Figure 5. Allometric equation comparison for Diospyros abyssinica AGB

where Biomass measured was found using semi-destructive methodology for allometric equation development; Specific equation the model developed for D. abyssinica; General equation was taken from Chave et al. (2005) for pan-tropical moist forest stands.

Currently, different studies support the development of site-specific allometric equations (Djomo and Chimi 2017; Ngomanda et al. 2014). In sub-Saharan Africa, scarcity of site-specific allometric equations was the major reason for adopting the pan-tropical generic equations. However, the application of pan-tropical generalized allometric equations was confirmed to cause great bias in biomass prediction (Fayolle et al. 2013; Henry et al. 2010). According to Alvarez et al. (2012), the higher bias was observed associated to the application of Chave’s model II, the AGB was overestimated by approximately 300–400% for two tropical forest sites. This also confirms the importance of species- and site-specific allometric equations formulating for tropical forests in order to avoid the systematic errors related to the generic pan-tropical equations. The different sources of intra-specific variability in a forest are an important factor for the formulation of different species-specific allometric equations.

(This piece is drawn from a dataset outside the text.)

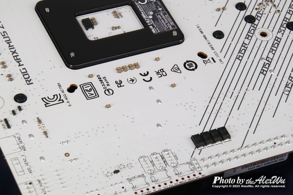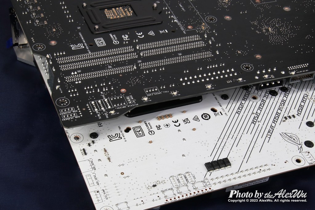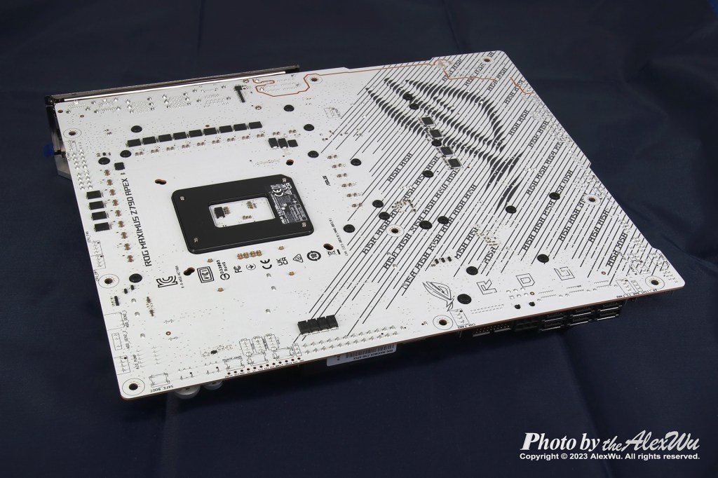 翻過來瞧瞧主機板背面,有大面積的ROG Logo印刷,但沒有任何金屬擋板。不過,還是有值得聊一下的重點。

Generally, the variability in morphology and adaptation strategies exists among different tree species of a site associated with environmental and anthropogenic factors (De-Miguel et al. 2013; Henry et al. 2011).

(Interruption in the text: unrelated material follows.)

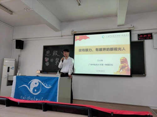 为深入学习贯彻党的二十大精神,以中国式现代化全面推进中华民族伟大复兴,在推进中国式现代化中展现青年担当与作为,奋力谱写全面建设社会主义现代化强国新篇章,2023年4月3日下午,yl23455永利官网(第一附属医院)王大伟副院长以讲述“自身经历、回望过去、展望未来”为主题,在三元里校区综教楼808为2020级眼视光学专业的同学们带来了一场精彩的“思政第一课”,参会人员有辅导员李肇宏老师及2020级眼视光学专业全体学生。

Conclusions and recommendations

Conclusion

Application of allometric equations is the primary step for precisely estimating forest biomass and carbon stock. However, adopting the pantropical multispecies allometric equation generates bias when applied to different forest sites. Formulating species- and site-specific allometric equations is the best approach to accurately quantify AGB of forests. The semi-destructive methodology was employed to generate dataset for this study. Eight biomass regression models were developed and tested for model goodness of fit. All selected models have achieved the model performance statistics. Allometric equations formulated by regressing AGB against multiple and compound variables were found robust in predicting. Comparison between allometric equations showed that a generalized equation generated more bias in predicting AGB. Therefore, formulated equations are fitted as species-specific equation in Moist Evergreen Montane Rainforest Ecosystem and site-specific equation in Afromontane Rainforest of south-western Ethiopia.

Recommendations

The national forest biomass and carbon stock assessment have been practiced by applying generalized allometric equations. However, Ethiopia is known for its diverse vegetation ecosystems and associated high diversity of woody plants. Therefore, it was recommended that formulating a species-specific allometric equation for all tree species is crucial step for better assessment of AGB and carbon storage of forests. It is desirable to meet the national and international reporting requirement of greenhouse gas inventories in response to the current global efforts of mitigation.

Acknowledgments

The authors would like to acknowledge Oromia Forest and Wildlife Enterprise (OFWE) for their technical and material support during data collection. The authors also would like to acknowledge those individuals involved in data collection.

Disclosure statement

Authors declare that there is no conflict of interest.